On the eve of a holiday to Ecuador, Emily (Amy Schumer) is dumped by her boyfriend and can't find anyone to go on the trip with her. Desperate, she asks her mother (Goldie Hawn) to come with her - despite the fact that she's overly cautious and not at all like her daughter. However, they're soon kidnapped by a local criminal and things go steadily from bad to worse...
Amy Schumer is arguably one of the most divisive figures in comedy. Some find her acerbic, in-your-face style of comedy to be off-putting whilst others believe it's refreshing and honest, particularly coming from a female comedian. It's therefore sad that some will miss out on what's essentially a throwback-style action comedy in the vein of Foul Play and Bird On A Wire purely because Amy Schumer's attached to it.
The premise of the film is pretty much standard and as you'd expect - Goldie Hawn's an uptight divorced mother, Amy Schumer's the impulsive and irresponsible daughter. The two go on holiday, they start to rub off each other the wrong way and then eventually, it all goes sideways when they're kidnapped. Where the film finds its humour is both in the interplay between Hawn and Schumer, and how the two try to escape their plight in incredibly violent and slapstick ways. There's plenty of it to go around and Schumer skilfully pulls back on her inclination to go straight for shock value. That said, there's one scene with a CGI ringworm that's easily the weakest joke in the entire film.
Hawn has lost none of her charm and she's every bit as funny, charming and effervescent as you remember. That easy charisma helps to pull the film through some of the flatter parts, but also works well against Schumer's abrasiveness. The supporting cast, sadly, really are playing second fiddle to Hawn and Schumer. Joan Cusack and Wanda Sykes turn up as a lesbian couple, with Cusack playing a mute ex-soldier. Both of them, particularly Cusack, are criminally underused and merely serve to push the story along rather than find the comedy.

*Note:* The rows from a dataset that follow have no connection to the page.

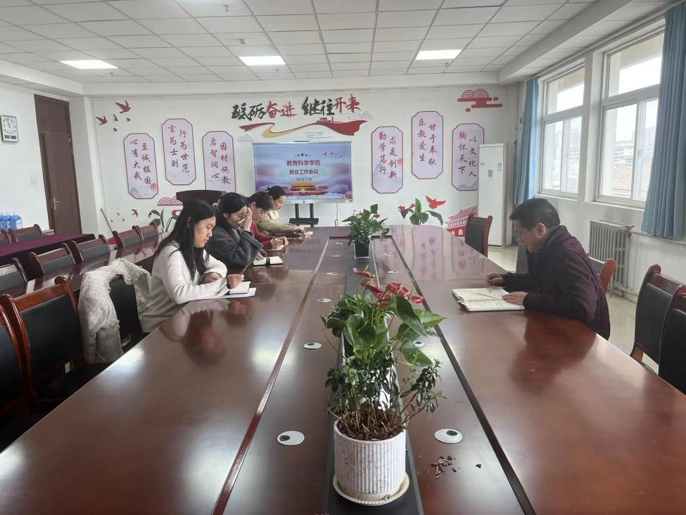 3月25日上午,在知行楼727会议室,公司召开就业工作专题会议暨考研指导工作会,党总支书记王德彬、副书记蔡颖,带领辅导员杨晶晶、王若华、胡怡铭参加本次会议。
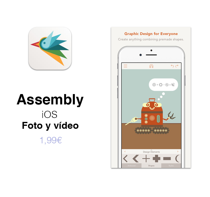 Assembly Esta App tiene pocas semanas pero su diseño y posibilidades llaman poderosamente la atención. Con Assembly podrás diseñar tus logos y hacer tus pinitos en el diseño gráfico.
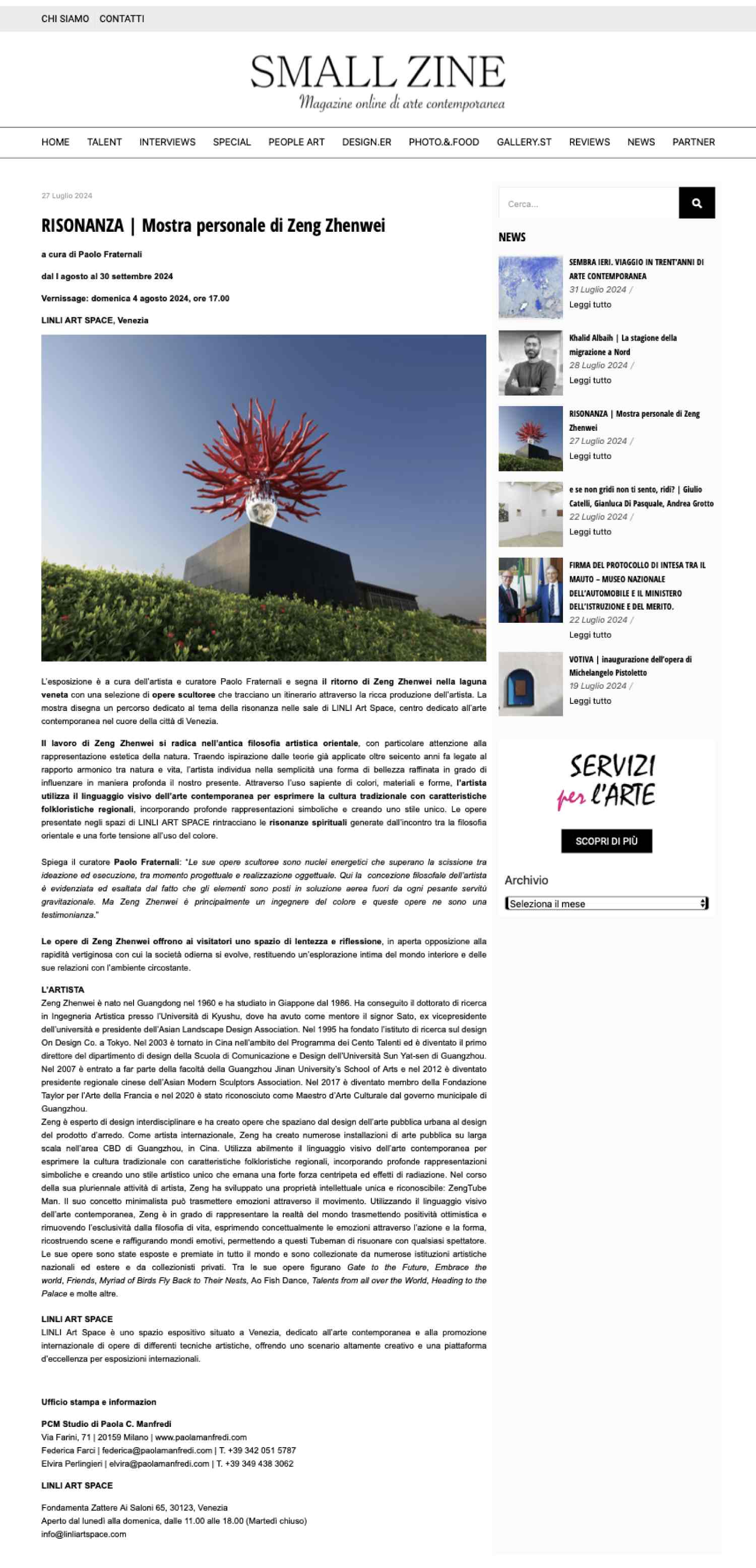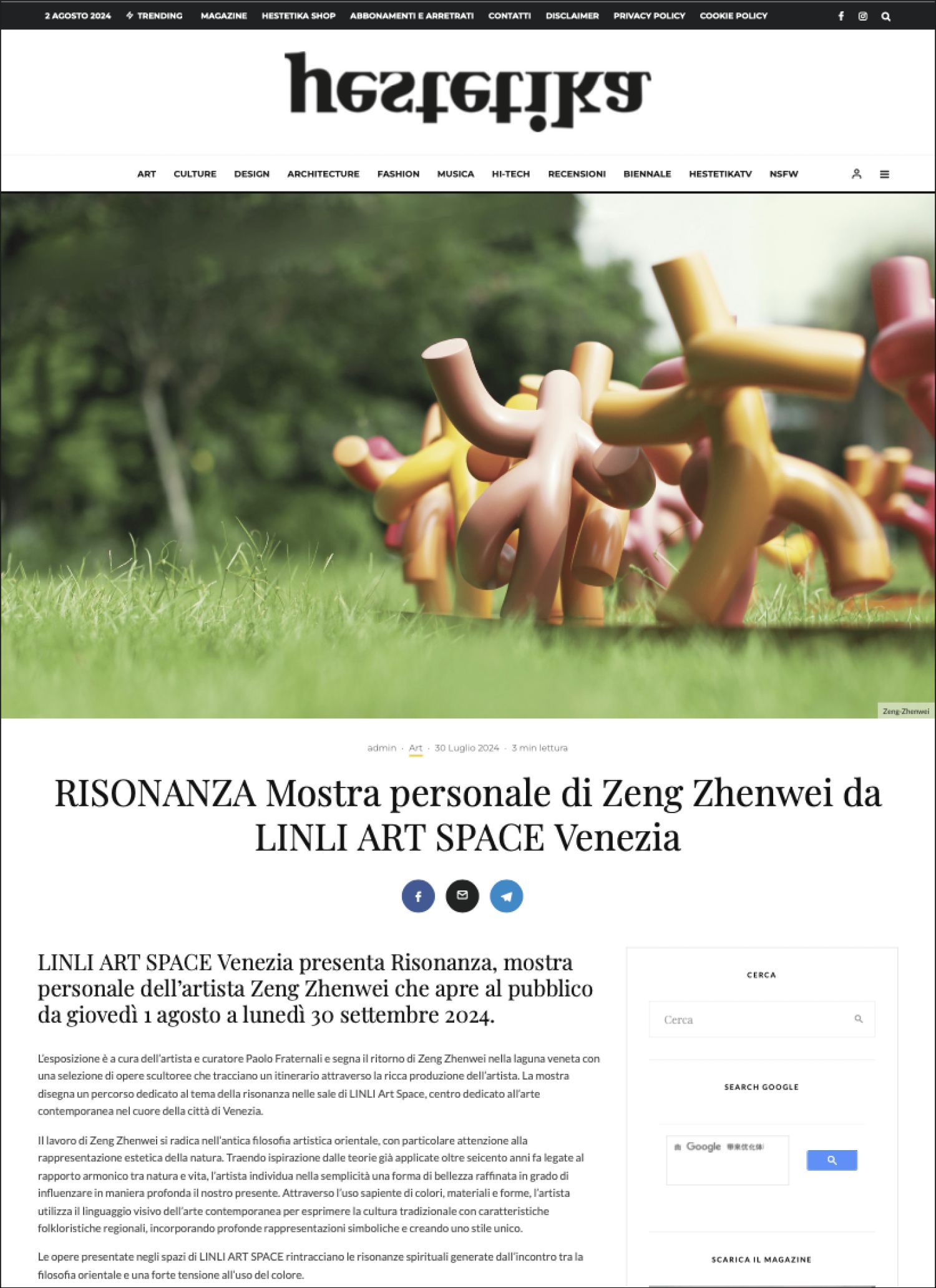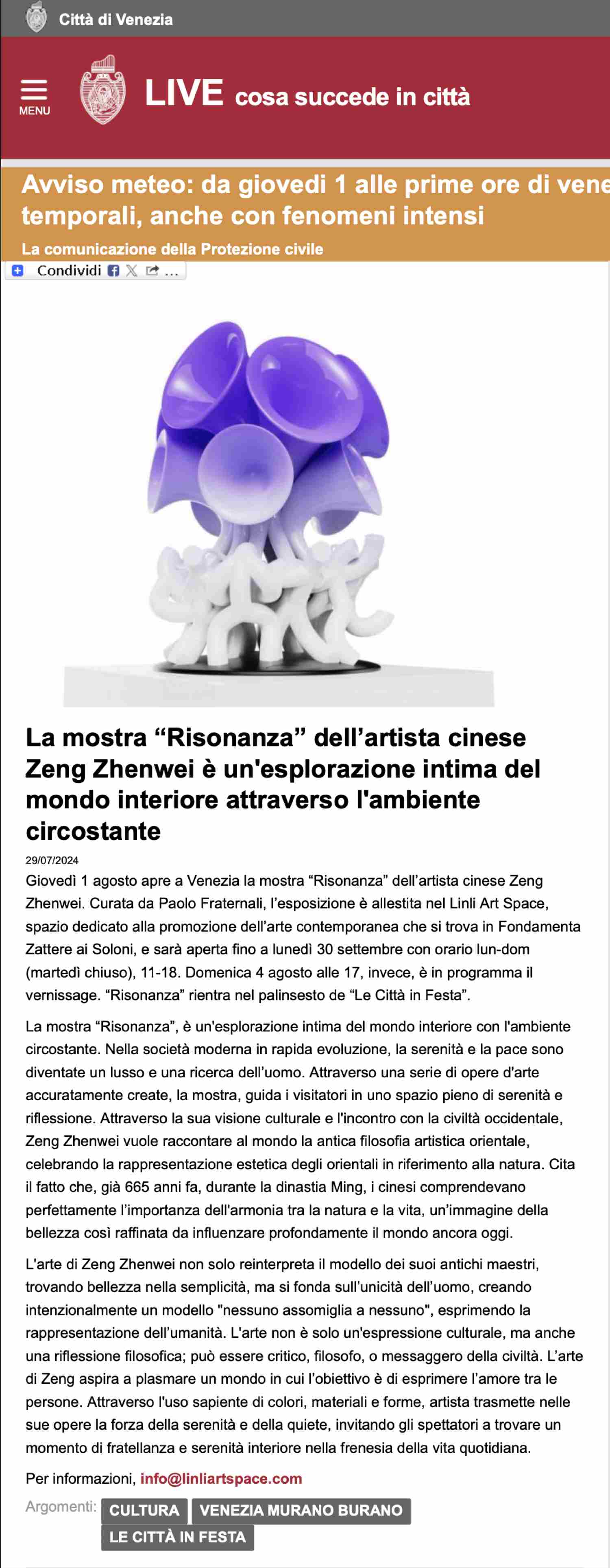 本次展览由曾振伟工作室、ZengTube圆管人品牌以及意大利 LINLI艺术空间联合主办,并得到意大利威尼斯市政府、意大利威尼斯设计周的官方背书和大力支持,以及意大利各大媒体宣发报道。

Ike Barinholtz, meanwhile, turns up as the agoraphobic manchild son of Hawn's character, who gets into a recurring phone war with the hilariously deadpan Bashir Salamuddin, who plays a State Department bureacrat trying to help with the kidnapping.
For the most part, director Jonathan Levine moves the film at a fast pace and the film has a snappy runtime of 90 minutes. There really is a lot of commonality with Hawn's action-comedy work, and you can tell that she's still more than up for it. The fact remains, however, is that the screenplay isn't nearly as smart as it could be and while there's a lot to like about this film, there's definitely parts of Snatched that just don't work. Cusack and Sykes, for example, were only given one scene to work with and it's by far one of the funniest jokes in the film. Meanwhile, Schumer can only make the same joke so many times - she's a spoiled millennial who keeps taking selfies, essentially - before it becomes dull and flat.
Still, Snatched works as a diverting enough comedy and will hopefully convince Goldie Hawn to return to our screens for a better outing.